Конечно, если сравнивать мою работу с работой Кирилла Зимина, то это будут две совсем разные работы. У него Анна увидела манеру передачи образов, как у какого-то там Клода Моне. Кстати, нужно будет погуглить и посмотреть, что это за птица. Может он действительно был гением и мне найдётся чему у него чему поучиться. С Кириллом-то всё понятно. А вот, как насчёт меня?..

Интересно, на шедевры какого известного художника похожа моя работа? Пока, я точно еще не уверена. Но всё же – это определённо не Бэнкси. До его высот мне ещё расти и расти. Да и мастерство граффити оттачивается не на студийных натюрмортах. И как мне кажется, не на уроках живописи… Тут нужен размах помасштабнее. Небоскрёб там какой или Великая Китайская Стена. Ну ничего, какие ещё мои годы. Вот выучусь, дорасту, наберусь опыта, а потом весь мир узнает о моих талантах.

Невидимый символ тайной печати

Полёт моих мыслей прервал дребезжащий звонок на перемену. Он возвестил об окончании занятий. Ребята засуетились и принялись тут же быстро собираться. Все сразу начали промывать кисти, закручивать тюбики с красками, вытирать и упаковывать палитры.

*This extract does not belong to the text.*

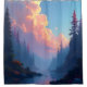 Ragende immergrüne Bäume säumen einen friedlichen Fluss, vor einem Himmel mit lebendigen rosa und orangefarbenen Wolken. Die ruhige Landschaft weckt ein Gefühl von Ruhe und Majestät, während die Sonne über dem fernen Horizont untergeht.

– Так, работы с мольбертов не открепляйте, – всех предупредила Анна. – Пусть краски высохнут. Я их потом сама сниму, оценю и выдам вам на следующем занятии. Вот тогда и похвастаетесь дома родителям и близким своими первыми картинами.

Судя по весёлому шуму и гаму, учеников это уже не особо интересовало. Каждый спешил по своим делам – кто-то в кино, кто-то к компьютерным играм, а кто-то на тренировку…

– Ребята, запомните, следующее наше занятие будет проходить в парке, – вдогонку детям крикнула Анна, пока те еще не успели выбежать из класса. – Будем писать природу с натуры. Так что одевайтесь потеплее. Кстати, Аня Жаворонкова, а ты не забудь подойти ко мне.

Поскольку мне теперь торопиться было незачем, я принялась неспеша складывать свои художественные принадлежности в рюкзак. После чего дождалась, когда последний ученик выйдет из класса, и с надеждой на похвалу, распираемая любопытством, подошла к не сводящей с меня взгляда Анне.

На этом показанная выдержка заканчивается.